-
Notifications
You must be signed in to change notification settings - Fork 6
Beam and Dataflow Setup Guide
Follow this guide to set up your Apache Beam and Dataflow environments for this class.
-
Enable the Dataflow API:
GCP Console -> Navigation Menu -> APIs & Services -> Library -> enter Dataflow in the search bar -> click Enable
-
Create a Cloud Storage bucket:
GCP Console -> Navigation Menu -> Storage -> Browser -> Create Bucket
Bucket name: [group name]-[some unique suffix]
Location type: Region
Location: us-central1 (Iowa)
Storage Class: Standard
Create 3 folders in your bucket with these names:staging,temp,outputNote: bucket names are unique on GCP, that's why you may need to add a unique suffix to your group name. The 3 folders will be used by the WordCount example to store the outputs from the job.
-
Start up your Jupyter notebook instance and go to Jupyter Lab.
-
Bring up a terminal window by going to File -> New -> Terminal.
-
Create a virtual environment and install apache beam by entering these commands in the terminal:
$ pip install --user virtualenv
$ export PATH=$PATH:/home/jupyter/.local/bin
$ virtualenv -p python3 venv
$ source venv/bin/activate
$ pip install apache-beam[gcp]
$ pip install apache-beam[interactive]
- Install ipykernel for beam by entering these commands in the terminal:
$ python -m pip install ipykernel
$ python -m ipykernel install --user --name beam_kernel --display-name "Python Beam"
$ jupyter kernelspec list
Expected output:
Available kernels:
beam_kernel /home/jupyter/.local/share/jupyter/kernels/beam_kernel
python3 /home/jupyter/venv/share/jupyter/kernels/python3
Note: To run a beam pipeline from a python notebook, choose the Python Beam kernel from the Kernel menu.

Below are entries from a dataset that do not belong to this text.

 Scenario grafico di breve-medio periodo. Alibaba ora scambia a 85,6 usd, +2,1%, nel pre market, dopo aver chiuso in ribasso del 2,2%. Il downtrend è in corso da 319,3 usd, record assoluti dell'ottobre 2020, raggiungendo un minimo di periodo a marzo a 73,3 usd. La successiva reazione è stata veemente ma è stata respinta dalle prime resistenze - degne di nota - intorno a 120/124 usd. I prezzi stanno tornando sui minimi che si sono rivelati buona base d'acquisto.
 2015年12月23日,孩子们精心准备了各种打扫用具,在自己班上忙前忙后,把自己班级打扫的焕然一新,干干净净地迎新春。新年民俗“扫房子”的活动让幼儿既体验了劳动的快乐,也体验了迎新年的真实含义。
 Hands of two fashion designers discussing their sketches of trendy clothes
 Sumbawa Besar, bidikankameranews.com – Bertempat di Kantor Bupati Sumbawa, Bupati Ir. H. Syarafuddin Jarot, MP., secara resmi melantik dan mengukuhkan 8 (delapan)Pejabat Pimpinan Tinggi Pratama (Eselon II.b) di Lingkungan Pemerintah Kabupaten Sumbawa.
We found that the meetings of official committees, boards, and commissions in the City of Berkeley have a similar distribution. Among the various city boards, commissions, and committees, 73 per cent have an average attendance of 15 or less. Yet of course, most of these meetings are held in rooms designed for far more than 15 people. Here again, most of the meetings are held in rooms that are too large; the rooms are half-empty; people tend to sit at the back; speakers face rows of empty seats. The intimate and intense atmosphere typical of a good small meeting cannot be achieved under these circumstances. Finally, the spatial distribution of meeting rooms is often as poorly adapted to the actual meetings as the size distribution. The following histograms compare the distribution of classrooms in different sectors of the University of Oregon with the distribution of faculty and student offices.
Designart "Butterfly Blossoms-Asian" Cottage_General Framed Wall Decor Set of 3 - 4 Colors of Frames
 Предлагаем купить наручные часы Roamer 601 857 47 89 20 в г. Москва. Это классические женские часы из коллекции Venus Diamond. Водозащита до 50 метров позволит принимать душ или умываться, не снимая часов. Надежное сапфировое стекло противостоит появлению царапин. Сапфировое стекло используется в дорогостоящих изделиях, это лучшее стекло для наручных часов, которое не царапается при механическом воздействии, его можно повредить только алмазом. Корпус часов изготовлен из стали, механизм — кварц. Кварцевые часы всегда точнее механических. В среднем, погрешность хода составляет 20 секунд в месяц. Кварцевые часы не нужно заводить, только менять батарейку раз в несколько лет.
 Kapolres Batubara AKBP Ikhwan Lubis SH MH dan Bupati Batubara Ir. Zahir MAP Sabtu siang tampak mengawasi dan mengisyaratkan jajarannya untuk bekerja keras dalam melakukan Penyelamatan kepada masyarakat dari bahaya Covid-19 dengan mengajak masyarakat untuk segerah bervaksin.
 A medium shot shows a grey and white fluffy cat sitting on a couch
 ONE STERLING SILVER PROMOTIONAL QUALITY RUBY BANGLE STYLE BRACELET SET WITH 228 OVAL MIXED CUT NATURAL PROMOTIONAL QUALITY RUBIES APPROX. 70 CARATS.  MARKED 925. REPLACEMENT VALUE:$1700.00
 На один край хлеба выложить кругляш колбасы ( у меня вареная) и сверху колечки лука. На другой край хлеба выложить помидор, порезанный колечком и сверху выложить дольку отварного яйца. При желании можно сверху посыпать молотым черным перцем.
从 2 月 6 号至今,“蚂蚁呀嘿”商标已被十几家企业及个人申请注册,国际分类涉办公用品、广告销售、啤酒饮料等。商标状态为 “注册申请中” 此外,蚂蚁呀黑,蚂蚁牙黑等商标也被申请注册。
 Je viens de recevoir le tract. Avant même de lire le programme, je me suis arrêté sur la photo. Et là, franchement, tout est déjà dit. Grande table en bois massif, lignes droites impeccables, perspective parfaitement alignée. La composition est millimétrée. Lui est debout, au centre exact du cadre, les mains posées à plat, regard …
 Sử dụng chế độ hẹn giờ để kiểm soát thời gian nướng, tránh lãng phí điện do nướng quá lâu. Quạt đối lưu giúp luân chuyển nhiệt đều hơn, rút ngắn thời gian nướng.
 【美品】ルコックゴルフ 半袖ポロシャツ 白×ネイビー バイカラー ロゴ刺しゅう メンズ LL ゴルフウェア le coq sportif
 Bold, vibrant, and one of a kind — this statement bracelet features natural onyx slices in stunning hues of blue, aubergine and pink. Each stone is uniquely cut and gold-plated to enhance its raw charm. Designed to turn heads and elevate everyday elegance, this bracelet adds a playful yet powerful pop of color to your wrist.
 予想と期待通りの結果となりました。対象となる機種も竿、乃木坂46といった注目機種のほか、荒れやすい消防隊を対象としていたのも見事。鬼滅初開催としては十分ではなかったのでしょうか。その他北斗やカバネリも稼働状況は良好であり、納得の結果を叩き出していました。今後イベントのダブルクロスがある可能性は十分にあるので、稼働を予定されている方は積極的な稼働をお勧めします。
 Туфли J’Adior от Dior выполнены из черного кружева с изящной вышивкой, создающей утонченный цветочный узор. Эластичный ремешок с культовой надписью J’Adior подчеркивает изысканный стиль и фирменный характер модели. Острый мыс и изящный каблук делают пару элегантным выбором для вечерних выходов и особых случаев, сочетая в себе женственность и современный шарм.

- Test your Apache Beam setup by running the Wordcount example using the Direct Runner:
python -m apache_beam.examples.wordcount --output wordcount.out
If you see any errors in stdout, stop and debug. Open wordcount.out-00000-of-00001 and examine the output
- Test your Dataflow setup by running the Wordcount example using the Dataflow Runner: Replace $PROJECT_ID and $BUCKET with your project id and bucket name.
export PROJECT_ID=cs327e-sp2021
export BUCKET=beam_cs327e_data
export REGION=us-central1
python -m apache_beam.examples.wordcount \
--project $PROJECT_ID \
--region $REGION \
--runner DataflowRunner \
--staging_location gs://$BUCKET/staging \
--temp_location gs://$BUCKET/temp \
--output gs://$BUCKET/output
Go to the Dataflow console, find the running job, and examine the job details. Open the GCS console, go to your bucket, open the 3 folders and view the contents of the files.
Note: the output files will actually be placed in the root of your BUCKET instead of the output folder.
If the wordcount job completed without errors, your Dataflow setup is complete.